Continuò gli studi, specializzandosi nell'incisione dei cammei.
diplomandosi con pieno merito, cominciò a lavorare con un certo Pietro
Brasilè in un laboratorio in via Roma. A 18 anni circa era occupato come
aggiustatore meccanico alla base navale di Napoli, assistendo a molti
bombardamenti sia a Napoli che a Torre, mentre era impegnato ad una
riparazione (con altri operai) per un cannone su di un sommergibile
italiano, nel cielo comparvero numerosi bombardieri anglo/americani che
gettarono grappoli di bombe, fu costretto ad immergersi con il natante e
dileguarsi nei fondali.
I suoi ricordi circa l'ultima guerra, che coinvolse anche la nostra
città, non sono dei migliori. La guerra è sinonimo di fame, distruzione
e sbandamenti; ha sempre condannato qualsiasi atto di violenza; i
cosiddetti liberatori e vincitori, tra cui marocchini, sudafricani,
ecc., non sempre si sono ben comportati con la popolazione afflitta dai
tanti "mali" della guerra. Prima di questo nefasto evento, ha ben
scolpito nella mente il periodo scolastico: le scarpe di legno (le
famose "scroccone"), la disciplina, la severità dei maestri, il rispetto
altrui, le dottrine di regime, la mensa economica e tutto ciò che
primeggiava allora.
Fu preso dai Tedeschi e condotto a palazzo Pellecchia (attuale proprietà comunale) in via Nazionale n. 237 (ex 239)

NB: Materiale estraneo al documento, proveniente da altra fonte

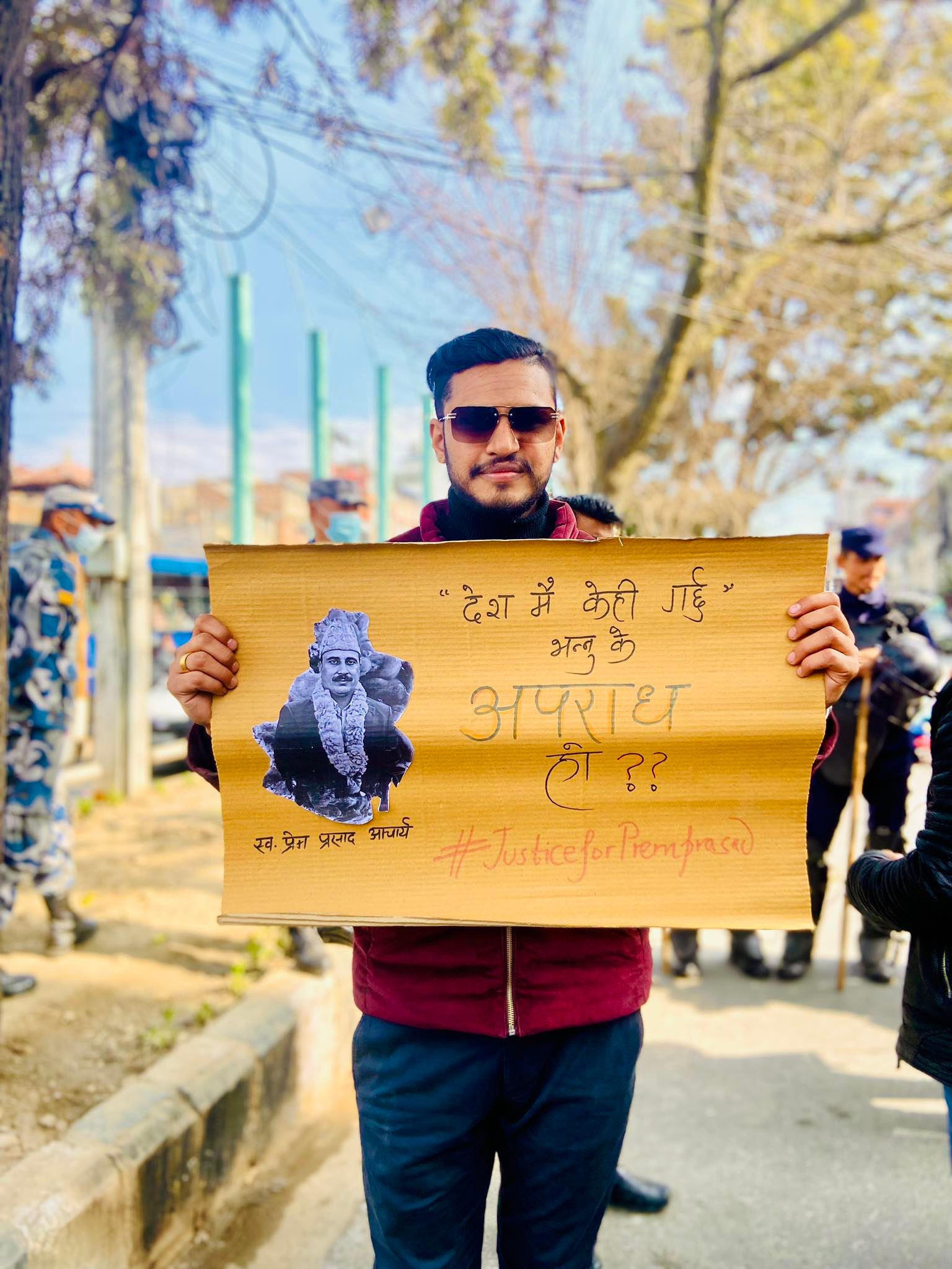 आचार्यको उपचारका क्रममा बुधबार बिहान मृत्यु भएको थियो। युवाहरूको स्वस्फूर्त आह्वान बाट बुधबार माइतीघर मण्डलमा भेला भई आचार्यको न्यायका लागि प्रदर्शन भएको हो। माइतीघर मण्डलामा दिउँसो १ बजे भेला भएका युवाहरुले केही समय धर्ना राखी माइतीघर बाट प्रदर्शन गर्दै बानेश्वरतर्फ गएका थिए। उनीहरूले बानेश्वरमा मौन धारण गर्दै आचार्यलाई श्रद्धाञ्जलीसमेत दिए ।

durante i tristi e caotici giorni dopo la resa incondizionata, 8 settembre
1943, del governo italiano consegnatosi agli alleati, riuscì,
approfittando di un momento di confusione per la conta dei prigionieri,
a scappare dall'esèdra (interna al fabbricato) nelle terre che
conducevano verso il distante mare; un suo amico, Oreste Tondelli
fuggì, invece, da S. Maria Capua Vetere. Arrivarono poi i "liberators";
una pattuglia motorizzata di anglo/americani si trovò a |
passare dalle parti dell'attuale via A. De Gasperi (allora formata da piccole stradine
e sentieri di campagna) e chiese a Michele ed
altri coetanei quanti Tedeschi fossero nascosti nella torre di Bassano, ove
era appostata una batteria antiaerea; i soldati germanici si arresero e
furono fatti prigionieri.
Il buon Michele prestò servizio militare in Marina nel 1946, matricola n.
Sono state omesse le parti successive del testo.